The man who would ultimately grow up to become America's first African-American Supreme Court justice was born in Baltimore in 1908. His father was a country club steward and Pullman car porter, and his mother was a teacher. The judge's name was Thurgood Marshall. 

For 25 years prior to joining the high court, Marshall was "the most important advocate for America," said his colleague Justice William J. Brennan, referring to Marshall's 29 winning arguments before the Supreme Court—a record that remains unmatched by any lawyer, Black or white. 

Marshall's mother, who had considerable influence over him, traced her African roots to a 17th-century Congolese slave who caused so much trouble that his slave master finally set him free. Freedom was Thurgood Marshall's driving passion as well. 

Marshall's paternal grandfather was a freeman who enlisted in the Union Army during the Civil War. He took the first name Thoroughgood in order to satisfy Army regulations that every soldier must have a first and a last name. 

During the Depression, Marshall attended Lincoln University in Pennsylvania, where he met his wife, Vivian Burley. Marshall was a dedicated student prankster until settling into marriage with Burley. He graduated cum laude in 1930. 

At Howard University Law School, he learned the benefit of applying the law to social engineering from his mentor, veteran litigator Charles Houston. After Marshall had established a private practice in Baltimore, Maryland, and Houston had begun the NAACP's legal campaign to desegregate schools, Marshall brought the Donald Murray case to Houston. Together, in 1935, the two lawyers were victorious in arguing for Murray's admission to the all-white law school at the University of Maryland. 

As a consequence of the Murray case, many states began allocating more funds to graduate programs at Black colleges in an effort to create some semblance of parity in education. Such meager public actions did not deter the NAACP from its mission to bury the "separate but equal" doctrine and open the doors of all schools to African Americans. 

During those early days as outside legal counsel for the NAACP, Marshall added all of $25 per year for stationery and postage and $5 per day for research and court appearances to the revenues of his practice. Marshall's larger role as special counsel for the NAACP in 1938 meant handling all cases related to constitutional rights. Marshall argued the subtleties of the Fourteenth Amendment, winning a clear majority of cases. 

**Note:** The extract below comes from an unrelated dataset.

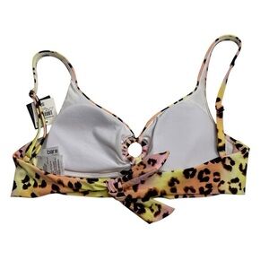 Top: Animal-Print O-Ring Bikini Top, removable soft push up cups, tie back closure, adjustable straps, sweetheart neckline, O-ring and cut out front details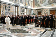 During the meeting, the 70-year-old pope praised the power of film as a way to enlighten and inspire. “When the magical light of cinema illuminates darkness, it also illuminates the eyes of the soul,” the Pope said, calling filmmakers “narrators of hope and pioneers of humanity.”

After Houston officially resigned in 1938, Marshall founded and headed the nonprofit NAACP Legal Defense and Education Fund. Marshall's success rate rose to 29 out of 32 major cases presented to the highest court in the land. He won the coveted NAACP Spingarn Medal in December 1946 for his distinguished service as a lawyer before the Supreme Court. 

For the decade or so after Marshall took the helm, case after case dealing with segregation moved him closer to his goal of having the U.S. Supreme Court overturn a previous ruling, Plessy v. Ferguson, that declared that separate but equal was constitutional. 

On May 17, 1954, after Marshall presented his side, the Supreme Court handed down its epic decision in Brown v. Board of Education. The ruling stated that segregation in public schools was unconstitutional and that separate but equal has no place in American society. Jim Crow segregation was dead. Without a constitutional leg to stand on, Plessy v. Ferguson was eventually toppled by Gayle v. Browder

But Marshall didn't just work for justice in the United States. During 1960, Marshall worked for three months to draft the constitution for the soon-to-be independent republic of Kenya.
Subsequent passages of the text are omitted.